Cal Kestis is a fictional character in the Star Wars franchise. He is the player character and main protagonist of the 2019 video game Star Wars Jedi: Fallen Order, an action-adventure game developed by Respawn Entertainment, and its upcoming sequel, Star Wars Jedi: Survivor (in 2023). Within the series, Cal is a former Jedi Padawan who survived the Great Jedi Purge and went into hiding. Years later, he is detected using the Force and is then led on a journey to rebuild the Jedi Order. He is portrayed through performance capture by American actor and model Cameron Monaghan. 

Cal also appeared in a brief cameo in the novel Star Wars: Brotherhood by Mike Chen and will appear as the main character in the upcoming novel Star Wars Jedi: Battle Scars by Sam Maggs.

Cal has received a generally positive reception from critics.

Development and design 
Monaghan provides both the voice and likeness for Cal's character, including his natural red hair. On playing the part of Cal, he said "It's pretty surreal to see a character that you built and got to explore and imagine.
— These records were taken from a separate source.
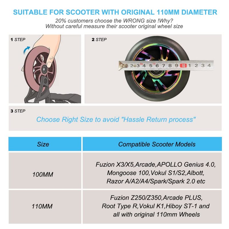 - [MUILT SCOOTERS BRANDS]This 110mm scooter wheels replacement compatible with pro or kick scooters with original 110mm wheels like fuzion X-5, Z250/Z300,MGP VX8,vokul K1,Lucky TFOX etc - Measure RIGHT size firstly!!(30% Buyers suffer a return hassle if choose Wrong Size)
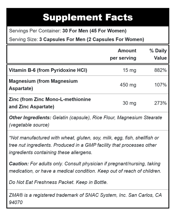 ZMA® ترکیبی از روی، منیزیم و ویتامین B-6 است که برای به حداکثر رساندن جذب و بهبود ریکاوری پس از ورزش طراحی شده است. روی نقش اساسی در تنظیم رشد سلولی و ترمیم بافت و همچنین حفظ سلامت سیستم ایمنی بدن دارد. منیزیم برای حفظ تعادل الکترولیت، تولید انرژی و عملکرد طبیعی عصبی-عضلانی ضروری است. از آنجا که فعالیت بدنی میتواند نیاز به این دو ماده معدنی را افزایش دهد، ZMA® مکمل ایدهآلی برای کمک به بازیابی آنها است
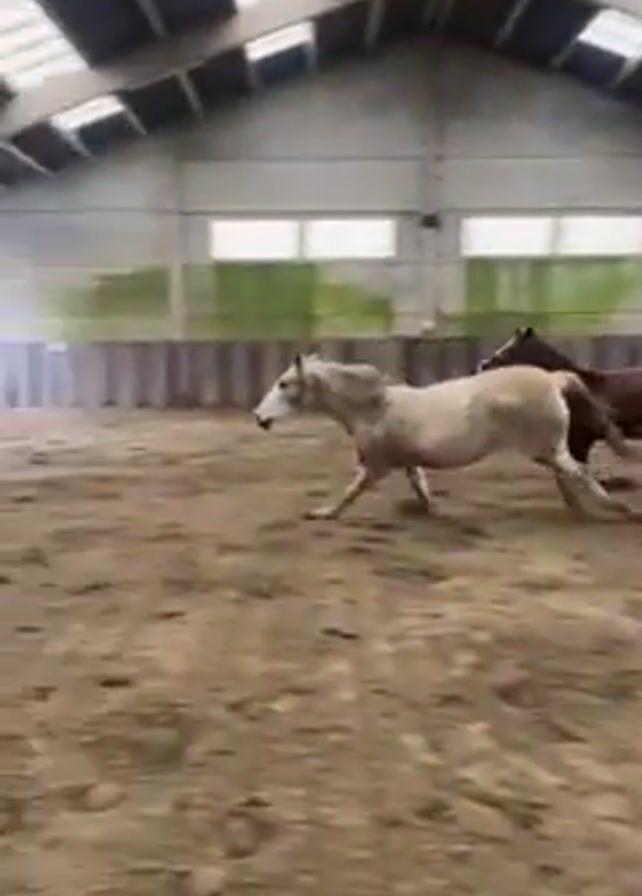 two horses, one grey and one brown, running in an indoor paddock. The grey horse is in the lead and jumps over a low pole obstacle, followed by the brown horse. The paddock has a sandy floor and is enclosed by walls. The ceiling is high and has multiple skylights. The video is shot from a stationary position.
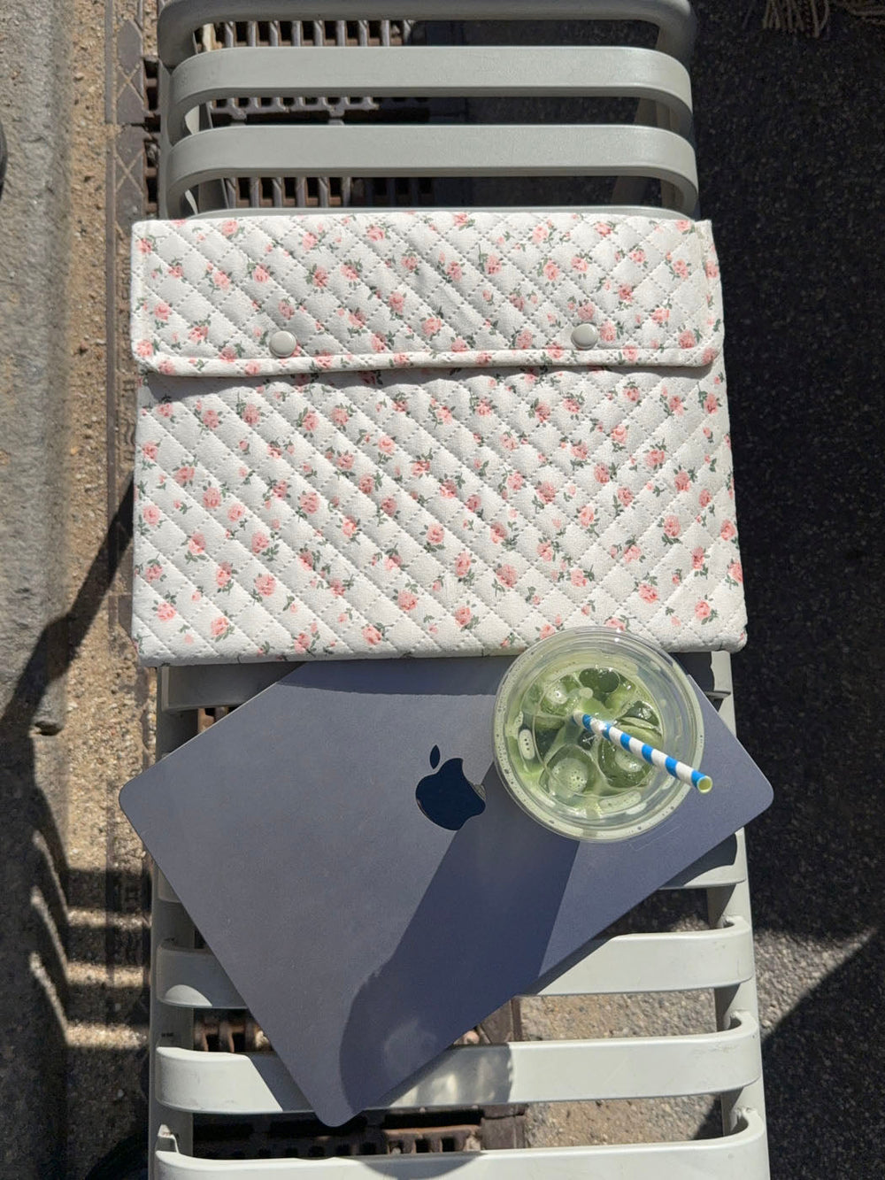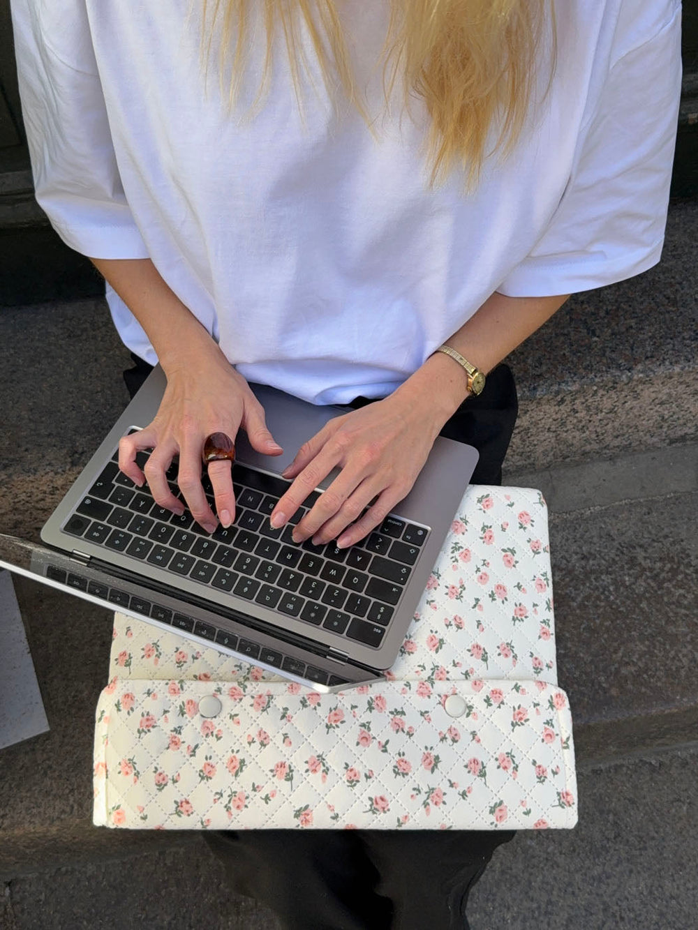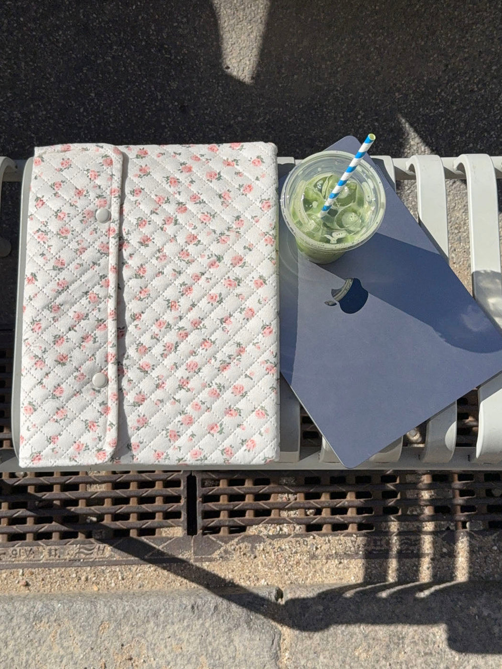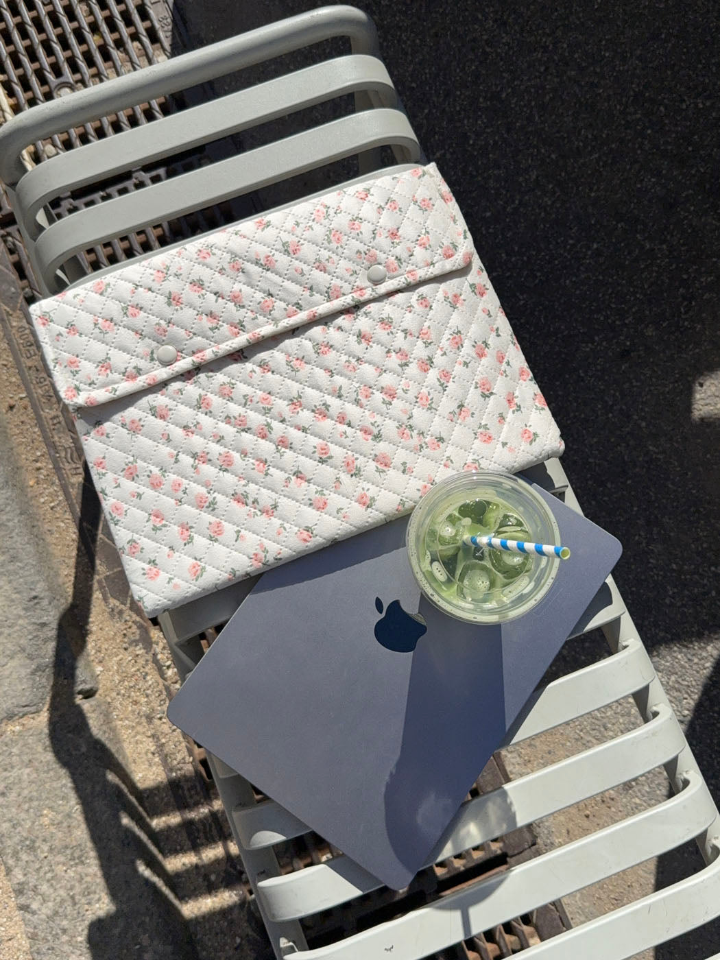A romantic and feminine laptop sleeve in a quilted design. The white background is adorned with delicate pink flowers, creating a soft and charming look. Perfect for protecting your laptop with both style and personality.
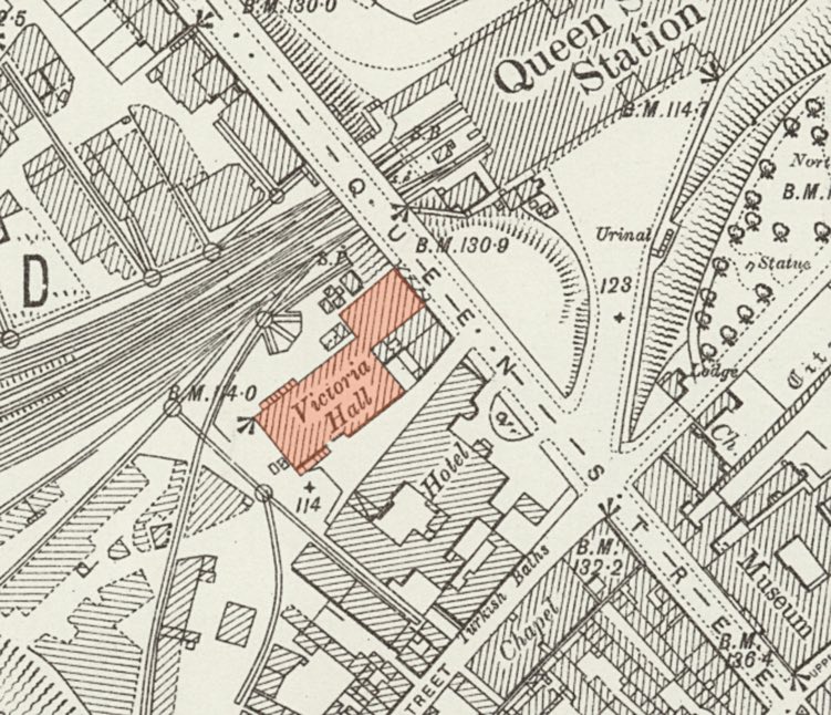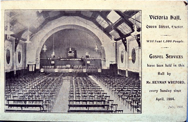 However, Exeter did once have a hall that could fulfill this function - Victoria Hall in Queen's Street. In December 1868, the Chamber of Commerce, were preparing to host a meeting of the British Association for the Advancement of Science, requiring a hall with seating for 2,000 people.
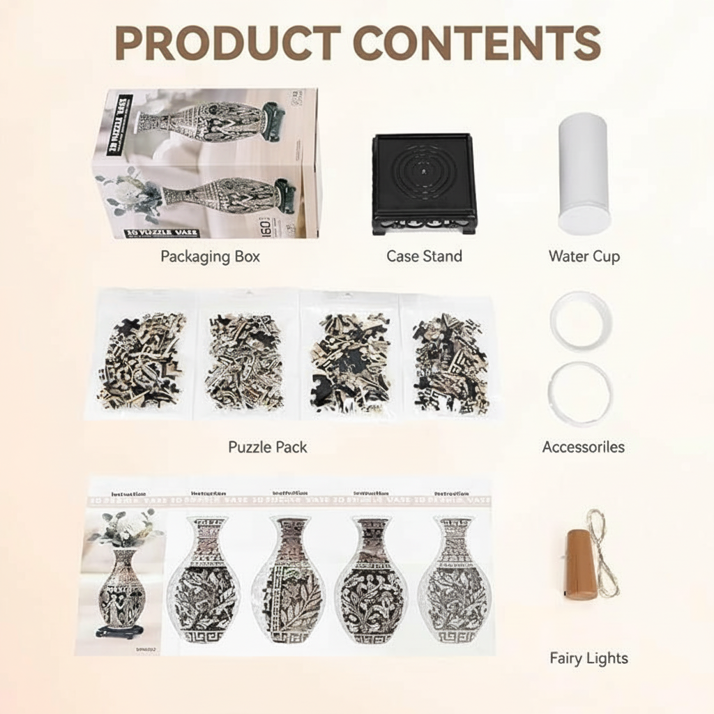 Once the puzzle pieces are assembled, the vase becomes a functional decorative container suitable for displaying fresh flowers, artificial flowers, or puzzle flower designs. The included removable water cup allows flowers to be placed safely while maintaining the decorative appearance of the puzzle structure.
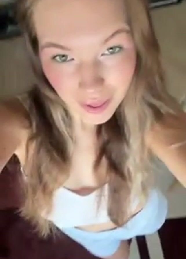 A young woman with light brown hair and light complexion is recording a selfie-style video in a brightly lit room
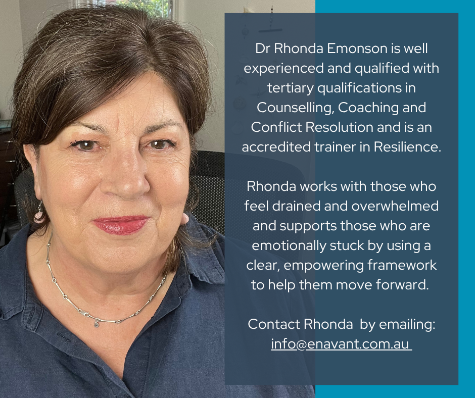 All information supplied by you remains confidential. Your email address will be added to our email list so you can receive updates, access to bonuses and resources to support you. You may unsubscribe at any time. Dr Rhonda Emonson, 566 Englehardt Street Albury, NSW 2640 as Director of Enavant Therapeutic Services
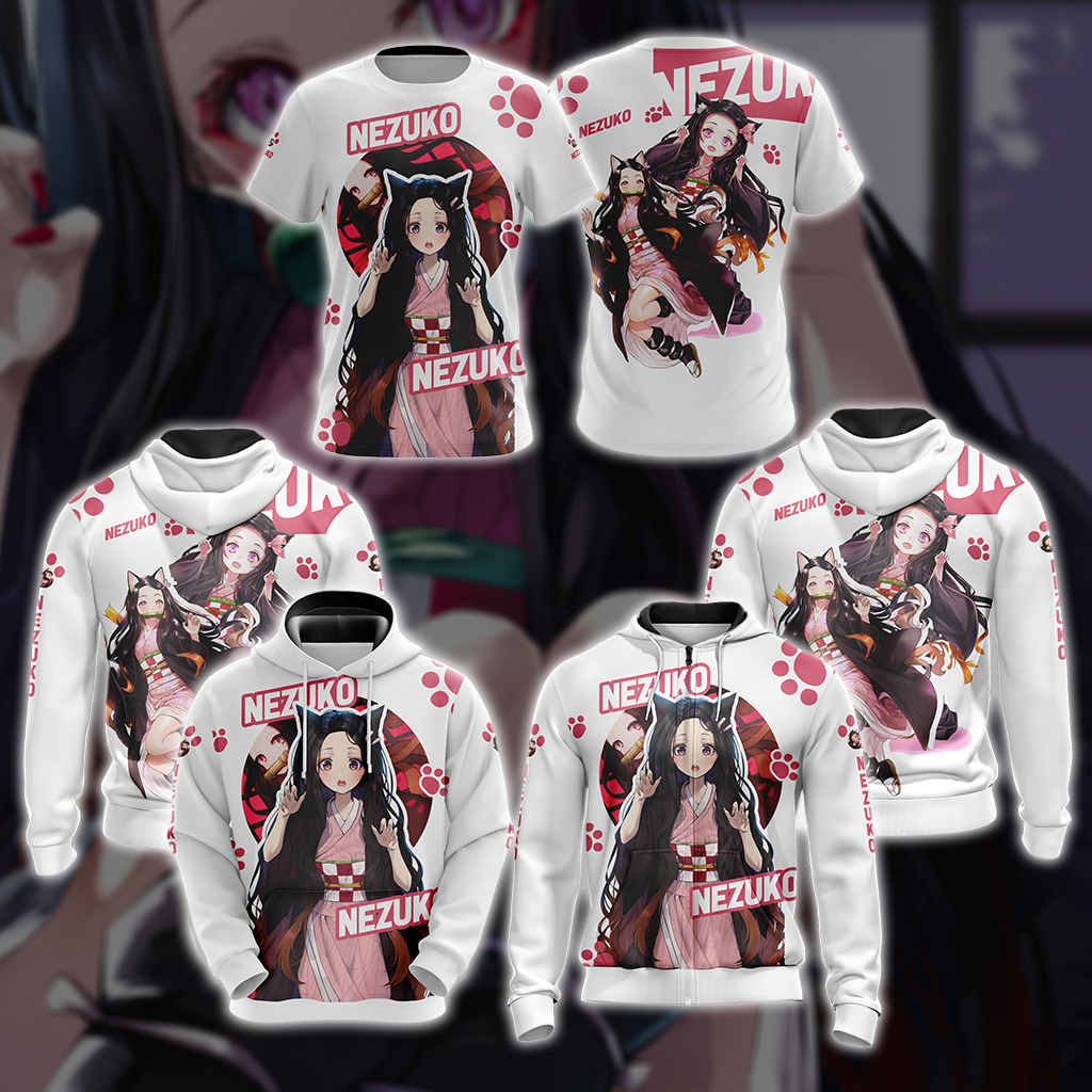 Nezuko Demon Slayer All Over Print T-Shirt Zip Hoodie Pullover Hoodie

It's a character that I've really grown to love." He also stated, "It's such a privilege to be able to play something that has a storied history behind it, but also something that I'm a fan of and have always wanted to be part of since I was a kid." The actor "didn't want to model Cal on any specific Star Wars character", adding "I wanted Cal's personality and demeanor and everything to come out of his own experiences and his own stories, and to build it from an inward place."

During his audition process for the game, Monaghan wasn't told that he was auditioning for a Star Wars game. "At that point I didn't know I was auditioning for a Star Wars game, but I kinda knew. They made these fake audition pages and stuff, and I was kinda reading it like 'hmmm ... This is Star Wars, isn't it?' They were like 'No, of course not.' So when I got into the room and they gave me the toy lightsaber, I was like 'I knew it!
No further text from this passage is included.